Recently I was invited pheasant hunting by Bill, a former South West chairman of the National Farmers Union. Bill is a six foot four gangly baritone, a sort of West Country Ian McKellen, and when he invites you pheasant hunting you say yes. I said yes.
Bill picked me up on Monday morning of what turned out to be the last day of hunting season. As I had never been shooting before it was agreed that I would be a ‘beater’ for the day. ‘To be a really effective beater,’ I was told, ‘you have to think like a pheasant.’ This didn’t, I assume, mean emptying my mind into a kind of Zen like pheasant stupidity. Bill assured me that the gamekeeper would give me very clear instructions and there was absolutely no chance at all of me being shot. So that was encouraging.
When we arrived at ‘the hunt’ I very quickly realised two things. I was about thirty years younger than anyone else, and I was extremely underdressed. The standard kit consisted of khaki wellingtons, long green socks tied up with red tassels worn outside of the boots, tweed plus fours, a tweed hunting jacket, a tweed vest, tweed tie and a tweed flat cap. There was a lot of tweed.
This ensemble was accessorised by a leather shot case, an empty shotgun case across slung across the shoulder and a loaded shotgun resting jauntily in the crook of the arm. It was as if they were going to a dress up party. And in a sense I suppose they were.
When the hunt was assembled there were about ten ‘guns’ and six or seven beaters – which I was told was a fairly modest turnout due to the lateness in the season. At 9am sharp, we all gathered in a well appointed shed, were given a brief outline of what the day was to entail (shooting pheasants apparently) and then proceeded to the serious business of standing around and drinking port.
I don’t normally drink that early in the morning, but then again I don’t normally help a bunch of old men shoot birds, so I figured today could be an exception. After half an hour or so of port drinking we went out for an hour of shooting, and then came back for ‘elevenses’. It’s a pretty good system really.
So dosed up on port and heavily armed, we all jumped in the back of a couple of utes swarming with dogs and drove off to the first drive. (You learn all sorts of new lingo doing something like this. A ‘drive’ is both the area of cover crop where the unsuspecting pheasants are hiding and the act of driving the pheasants up into the air.) The guns positioned themselves strung out in a line along the bottom of one field, whilst my fellow beaters and I made our way into a higher field of cover crop, separated from the guns by a hedgerow (‘cover crop’, often kale, is grown specifically for the pheasants to hide under).

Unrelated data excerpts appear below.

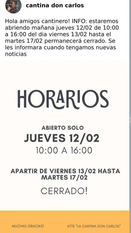 El tradicional restaurante, comunicó en sus redes que en principio cerrará sus puertas del 13 al 17 de febrero.
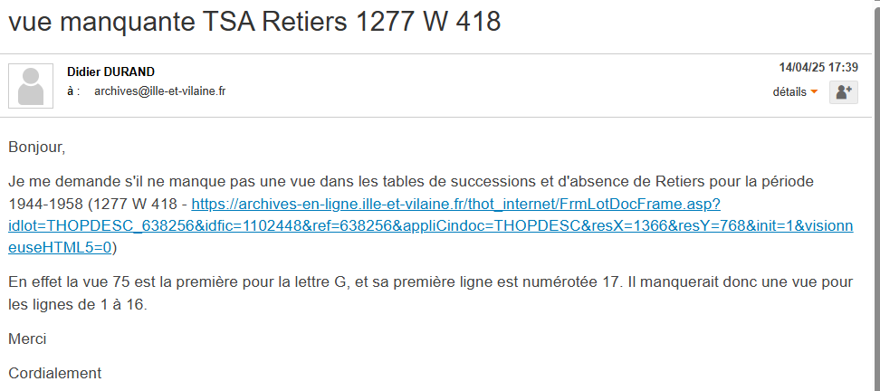 En consultant la Table des Successions et Absences de Retiers sur le site des Archives d’Ille-et-Vilaine, je ne trouve pas trace du décès de Joséphine GILLES, mais il manque une page. Peut-être est-elle sur cette page, je l’espère ! Je m’adresse donc aux archives d’Ille et Vilaine pour leur signaler cette absence :
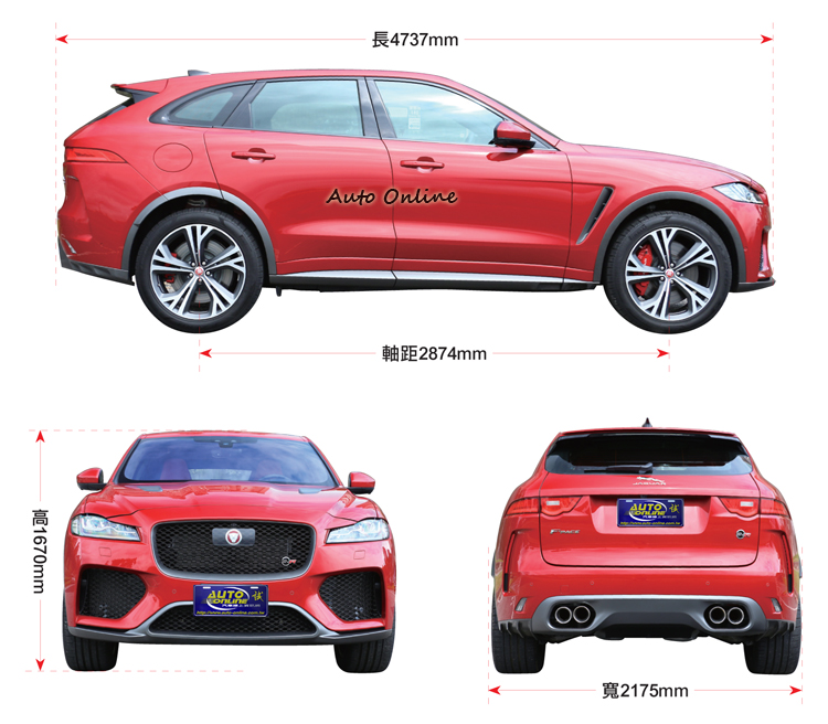 Jaguar F-Pace從2016年導入台灣至今,在車系編成上作了小小變動,目前所販售車型有25T R-Sport AWD、30T R-Sport AWD與SVR三種,其中25T與30T都是搭載一具四缸2.0升渦輪增壓引擎,同樣引擎藉由調校不同帶來輸出的差異。最後一款則是最強悍的SVR版本,搭載V型八缸5.0升機械增壓引擎,爆發出550匹的最大馬力,造就這重達兩噸的巨獸在4.3秒就能完成百公里衝刺,建議售價為台幣465萬元。
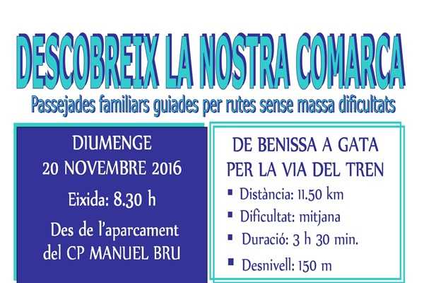 A les 8.30 h s’eixirà caminant des de l’aparcament del Col·legi Públic Manuel Bru de Benissa fins a l’Estació del Tren de Benissa, on s’inicia el camí seguint les travesses de la via fins a Gata.
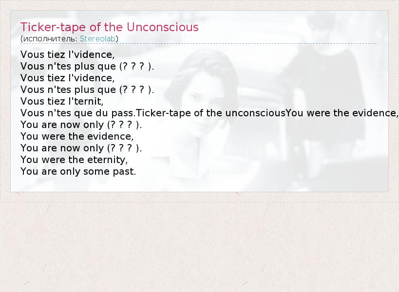 Vous tiez l'vidence, Vous n'tes plus que (? ? ? ). Vous tiez l'vidence, Vous n'tes plus que (? ? ? ). Vous tiez l'ternit, Vous n'tes que du pass.Ticker-tape of the unconsciousYou were the evidence, You are now only (? ? ? ). You were the evidence, You are now only (? ? ? ). You were the eternity, You are only some past.
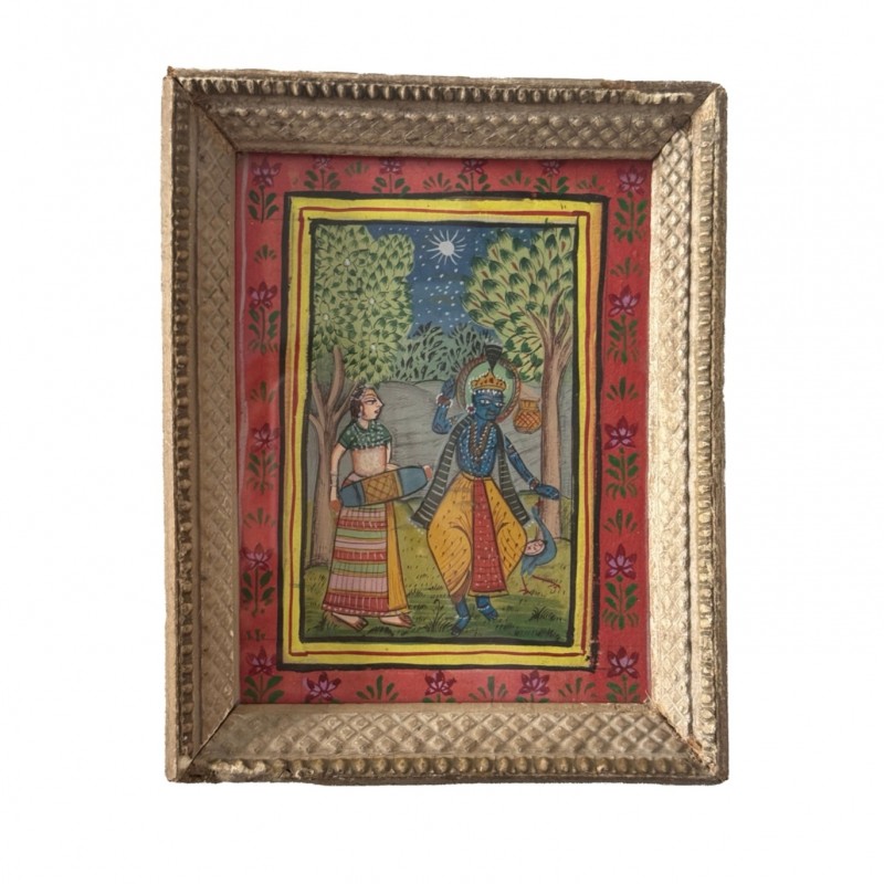 This artwork appears to be a traditional Indian miniature painting featuring Lord Krishna, who is often depicted in various artistic forms. The vibrant colors and intricate details are characteristic of Indian miniature art. It captures cultural and religious narratives, showcasing Krishna in a pastoral setting, likely with a companion. The painting's style may reflect specific regional techniques, such as those from Rajasthan or Mughal traditions. Miniatures like this are celebrated for their craftsmanship and storytelling.
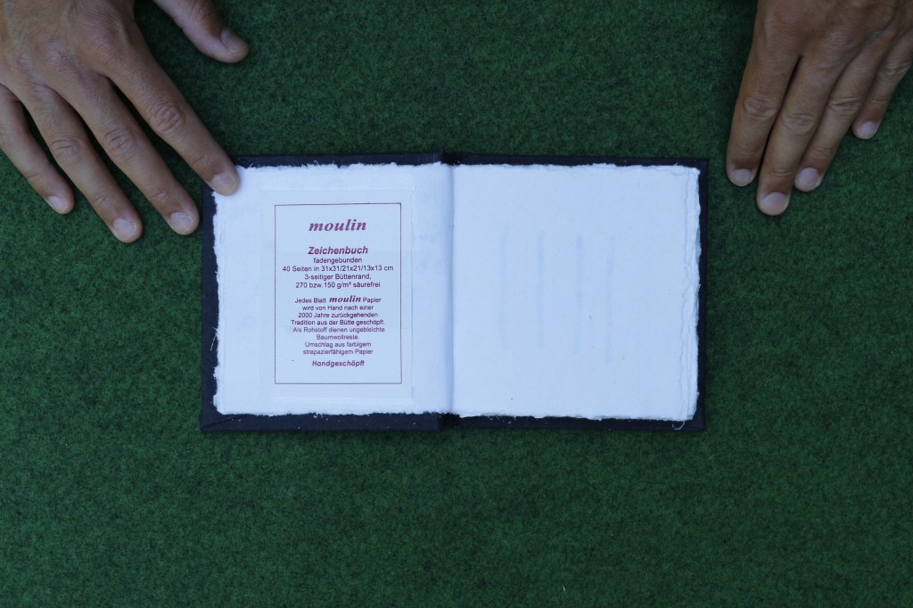 moulin. Zeichenbuch. fadengebunden. 40 Seiten in 31×31/21×21/13×13 cm. 3-seitiger Büttenrand, 270 bzw. 150 g/m2 säurefrei. Jedes Blatt moulin Papier wird von Hand nach einer 200 Jahre zurückgehenden Tradition aus der Bütte geschöpft. Als Rohstoff dienen ungebleichte Baumwollreste. Umschlag aus farbigem strapazierfähigem Papier. Handgeschöpft.
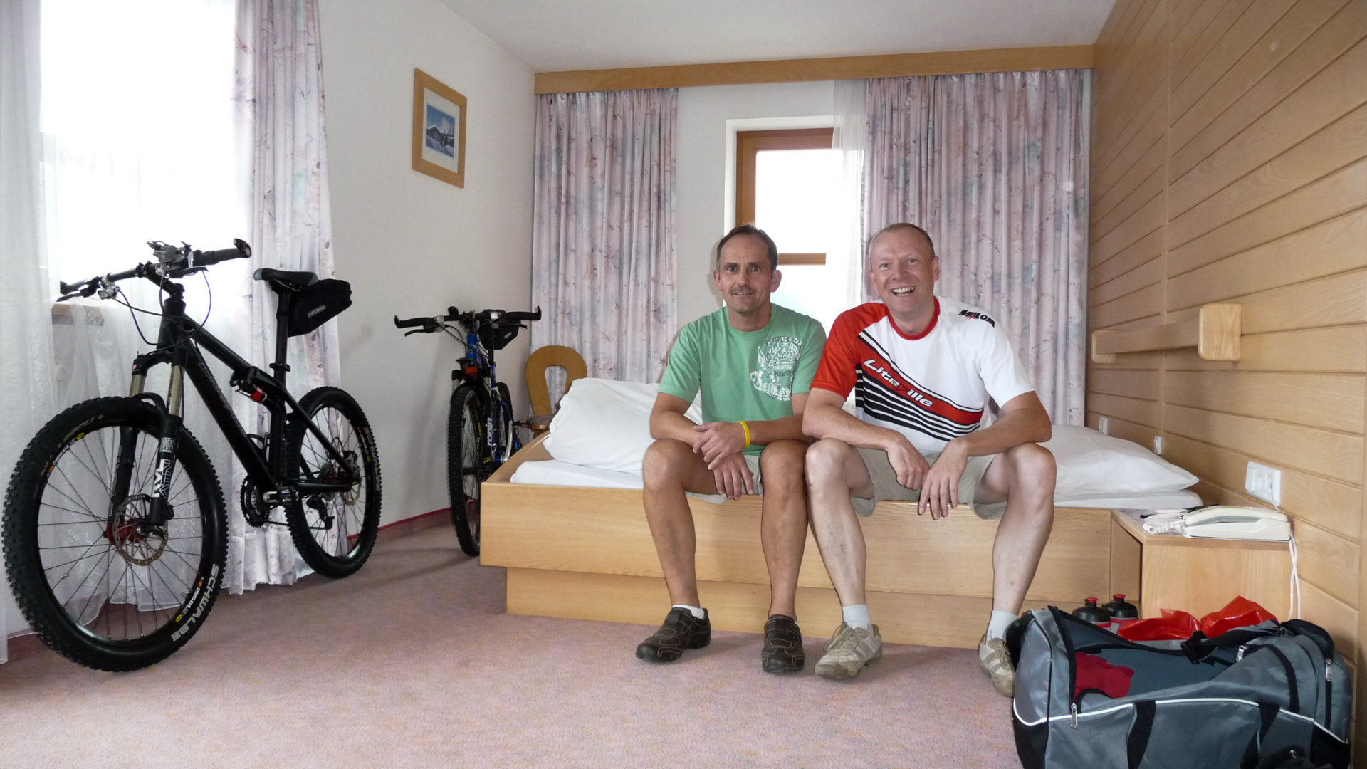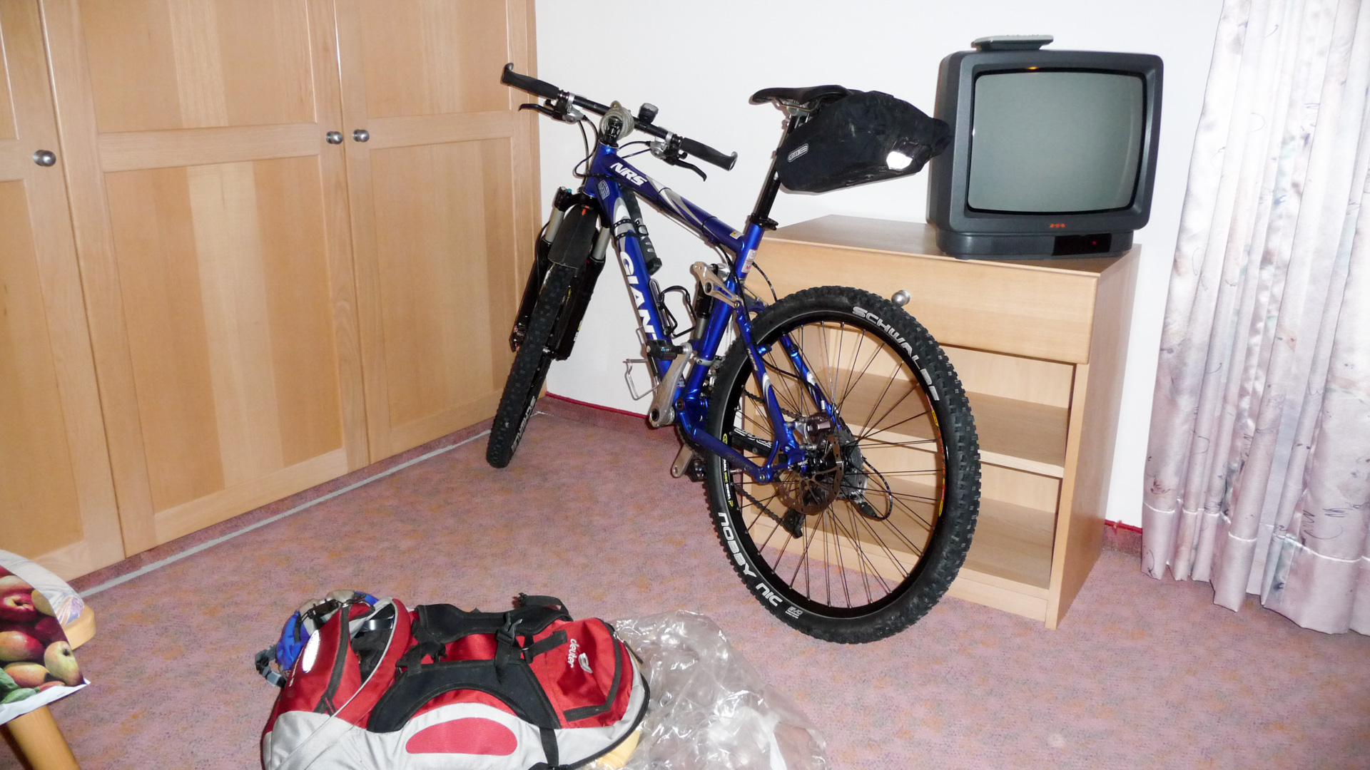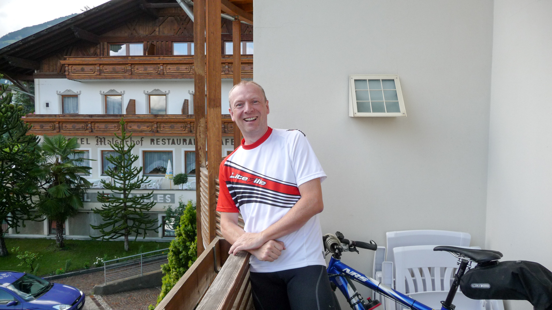 18:00 Uhr treffen wir in Mals ein, einem kleinen verschlafen Ort unterhalb des Reschensee . Dank Navigationsgerät finden wir schnell unser Hotel, stellen das Auto auf den hauseigenen Parkplatz, melden uns an der Rezeption und beziehen unser Zimmer. Durch einen erwartungsvollen Blick vom Balkon ins weite Land wird unsere Stimmung nicht gerade positiv angehaucht. Der Nebel hängt tief im Tal und es ist kein Aufreißen einer Wolkendecke in Sicht, der Regen will nicht aufhören. Huch, die Räder sind ja auch noch auf dem Dachgepäckträger und werden nass. „Was heißt hier werden, die sind es schon lange“, bemerkt Jürgen mit einem verschwitzen Lächeln im Gesicht. „Wo wollen wir die Räder hin tun?“ Schaut er mich fragend an. „Ganz einfach, komm mit!“ geb ich zum Besten und wir holen die Räder ins Zimmer und stellen sie kurzer Hand auf unseren überdachten Balkon.

The rest of the beaters were up the top of the filed in a line and when the gamekeeper blew a horn they walked down towards the guns flushing out the birds. The dogs did most of the work, running around like mad beneath the kale chasing out anything they could find. Meanwhile I was stationed at the bottom of the cover crop field, next to the hedge, in between the guns and the pheasants.
Now, I know I’m pretty new at this, but standing in between the guns and the things the guns are shooting at didn’t strike me as such a great idea. Luckily I was armed with a flag. My role, as it turned out, was to wave my flag at any low flying pheasants so they would stay up longer and be easier and safer to shoot. Safer for who I’m not sure, but in any case no one got shot – myself included – so I guess I did an OK job.
In an effort to try and recapture some of the excitement of the whole thing, I found this rather poorly produced clip, which I feel has a sort of Hertzogesqe absurdist genius to it.
OK, that might be getting a bit carried away, but the point is, not a great deal happens. And then you have lunch.
The pheasants are farmed for sport. A syndicate of shooters – often men of some local importance, always men – will buy the pheasants as chicks and pay for them to be kept on a piece of farmland. The chicks are well looked after, fed and kept in large free-range pens until they are big enough to be shot. Then they are let go. The really interesting thing is that at the end of the season only an average of a third of the birds have been killed.
The rest of them just wander off. This is why there is a large pheasant population in rural England, even though the bird is a native of Russia. When you think about it, letting two thirds of the birds go is actually much more humane than most farming practices. At least it is if you ignore the shooting them with buckshot part.
I thought pheasant shooting was a typical rural English antiquated past time, like Morris Dancing, or saying thank you to the bus driver. But as it turns out, like Dogging and Tescos home delivery, despite being around for a long time the current popularity of pheasant shooting is actually quite a recent phenomenon.Clubs and syndicates are apparently setting up at a record rate. I can see why.
I’m not much interested in shooting – actually I think it’s stupid and cruel – but dressing up and drinking port in the English countryside is lovely, and not entirely spoilt by the occasional gunshot. Now I just have to get one of those suits.